Task directions. Leave out the images and repeat the listing below without a single change.

Dataset content.
__________________________________________________
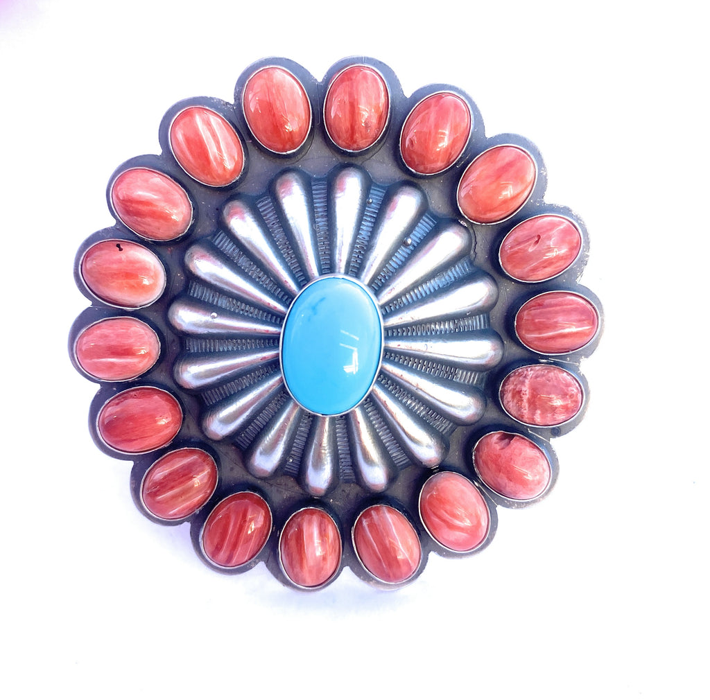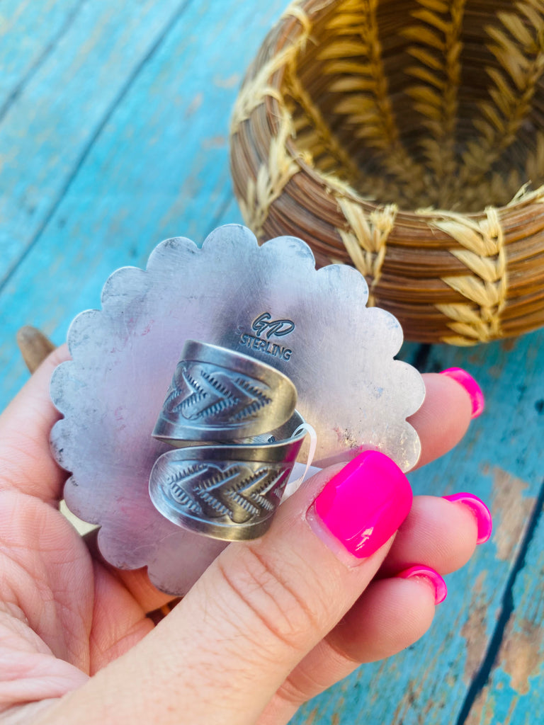 Navajo Red Spiny, Turquoise & Sterling Silver Adjustable Ring
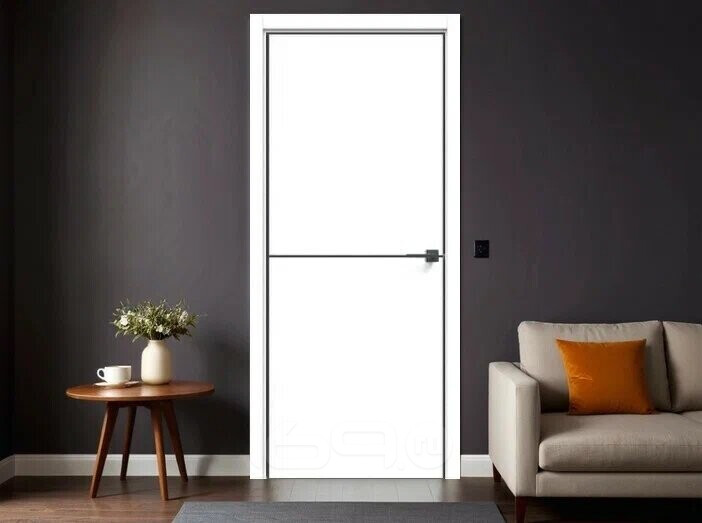 Дверь межкомнатная L10AL молдинг ПВХ Белый сатин, глухая, кромка алюминиевая черная матовая, царговая
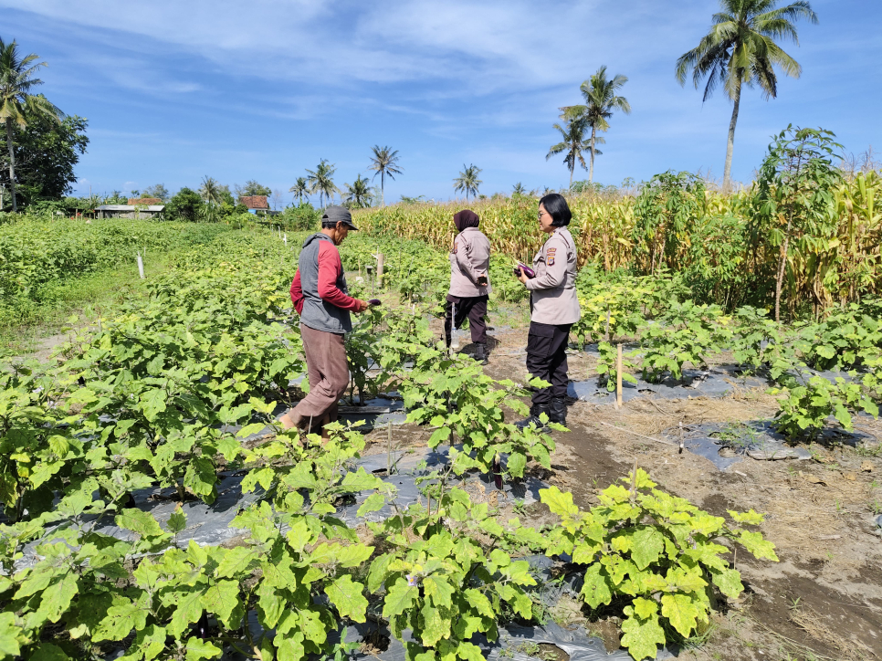 Kanit Binmas Polsek Wates, AKP Widada Haryana, bersama Iptu Siwi Setyaningsih, Aiptu Ety M, dan Aipda Suprihatin, menyambangi Bapak Tamtomo, seorang petani di area tegalan Pedukuhan Keboan, Kalurahan Karangwuni, Kapanewon Wates, yang tengah memanen terong. Selain itu, tim juga melakukan pengecekan tanaman jagung sebagai bagian dari monitoring ketahanan pangan.
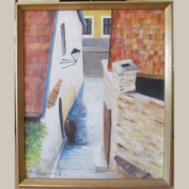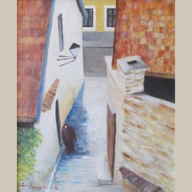 Halasi Horváth István: Patakpart házakkal (80x130 cm)
__________________________________________________
Solution to this task.
 Navajo Red Spiny, Turquoise & Sterling Silver Adjustable Ring
 Дверь межкомнатная L10AL молдинг ПВХ Белый сатин, глухая, кромка алюминиевая черная матовая, царговая
 Kanit Binmas Polsek Wates, AKP Widada Haryana, bersama Iptu Siwi Setyaningsih, Aiptu Ety M, dan Aipda Suprihatin, menyambangi Bapak Tamtomo, seorang petani di area tegalan Pedukuhan Keboan, Kalurahan Karangwuni, Kapanewon Wates, yang tengah memanen terong. Selain itu, tim juga melakukan pengecekan tanaman jagung sebagai bagian dari monitoring ketahanan pangan.
 Halasi Horváth István: Patakpart házakkal (80x130 cm)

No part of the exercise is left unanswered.